Generative AI is a type of artificial intelligence that uses machine learning to generate new content by analyzing and processing vast amounts of data from diverse sources. Generative AI tools can generate text, images, video, sound and code.
Different tools are trained on different datasets and with different training methods. The generated responses of these tools are probabilistic, which can result in errors in responses.
Large language models (LLMs), for instance, specialize in analyzing and processing text and generating new text. Different LLMs have distinct datasets and employ unique training methods. GPT 3 and GPT 4 are examples of LLMs. OpenAI’s ChatGPT is a chatbot created on GPT 3 or GPT 4.
While generative AI is not new, OpenAI’s launch of ChatGPT in November 2022 marked the fastest recorded adoption of a technology tool.
Over the intervening months, the release of similar text-based generative AI tools from Microsoft’s Bing to Google’s Bard, in addition to improvements in tools have contributed to a perception of an explosion of AI.
Indeed, the rapid proliferation of tools and advancements in technology saw over 100 leaders in AI technology write an open letter urging a collective pause on AI developments more powerful than GPT 4 to give time for security and safety features to develop and for the creation of regulation and governance structures.
The need for such regulation or governance extends to full nations, but also to specific sectors, such as post-secondary education, and in turn, McMaster University.
- Create informative, well-written text: prose, poetry, dialogue, code
- Provide examples and references *references may be ‘hallucinated’
- Generate outlines, questions, tables, long form text
- Summarize inputted text
- Provide feedback on text – both form and structure
- Explain concepts at different levels of understanding
- Translate between languages
- Remember within a chat thread – follow-up prompts
- Hallucinations: confident declarations that are factually inaccurate (e.g., references to articles that don’t exist)
- Uneven access material after 2021: the free version of ChatGPT cannot access the web, though the subscription model can, as can Microsoft’s Bing
- Biases in training data are replicated in generated responses
- There is variation in responses based on the wording and framing of the user’s prompt
- If using ChatGPT 3 (free version) there can be lag times or delays in access if demand is high; Bing and ChatGPT 4 do not experience these delays.
As the use of generative Artificial Intelligence (AI) becomes widespread, McMaster University has struck a task force to explore its potential for enhancing teaching and learning, as well as the challenges associated with its use. This page shares some of the work of the Task Force, as well as resources related to generative AI and teaching and learning.

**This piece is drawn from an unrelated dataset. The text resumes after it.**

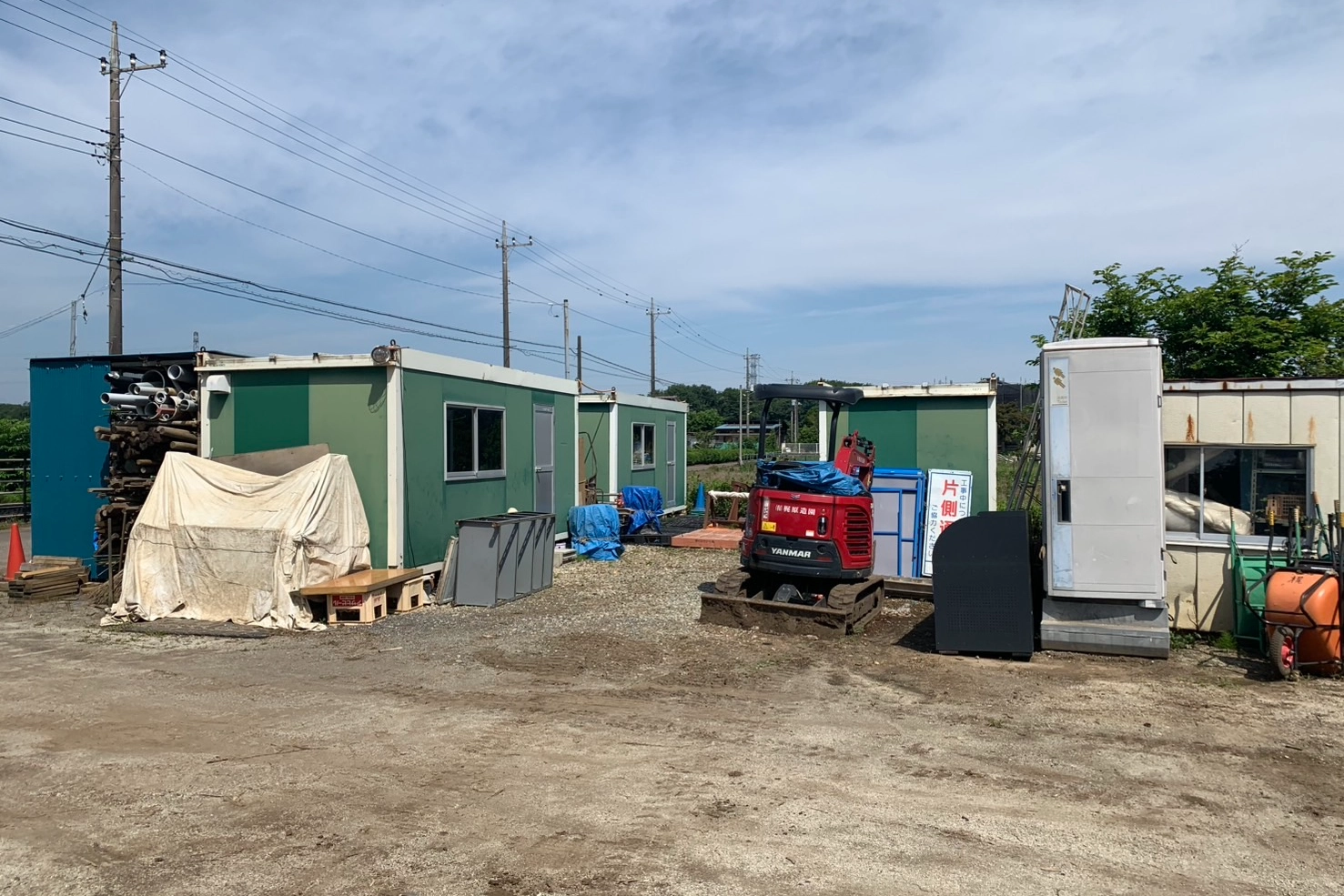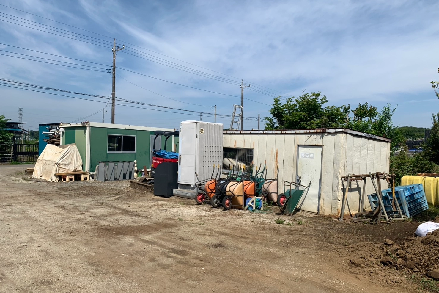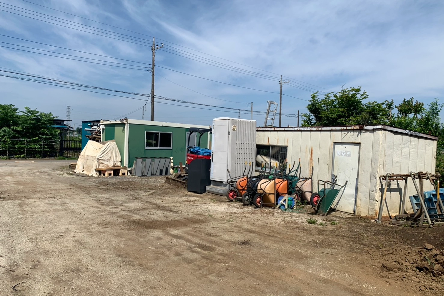 広大な土地に資材置き場とスーパーハウスが揃う造園会社の管理施設です。

The Task Force on Generative Artificial Intelligence in Teaching and Learning started work on May 1st and concluded August 29th. It is co-chaired by Kim Dej, vice-provost, Teaching and Learning, and Matheus Grasselli, deputy provost. Faculty, staff and students from across the university are on the Task Force, which will submit recommendations to Susan Tighe, provost and vice-president (Academic) by early September on the use of generative AI in teaching and learning. The Final Report is expected to be public by the end of September and will be posted here.
Scope and Outcomes
The purpose of this task force is to investigate the impacts posed by generative AI on teaching and learning at McMaster University, and to provide strategic guidance and actionable recommendations for educators planning for fall courses.
Generative AI, exemplified by models such as ChatGPT, Bing and Bard, is reshaping the landscape of education, bringing forth both opportunities and challenges. As a research-intensive university, it is imperative that we adapt to these developments and ensure that our pedagogical approaches and academic integrity standards remain robust, relevant, and effective.
The task force will pursue the following objectives:
- Review the current state of generative AI technology and its implications for higher education, with a focus on potential benefits and challenges for the McMaster context
- Discuss risks to academic integrity that may arise from the use of generative AI and recommend proactive teaching strategies to mitigate these risks and communicate these with the community
- Draft and endorse guidelines, resources and training for educators enabling them to make informed decisions in their teaching strategies, including if/when/how to use generative AI in teaching practices (e.g. designing assignments, grading/feedback)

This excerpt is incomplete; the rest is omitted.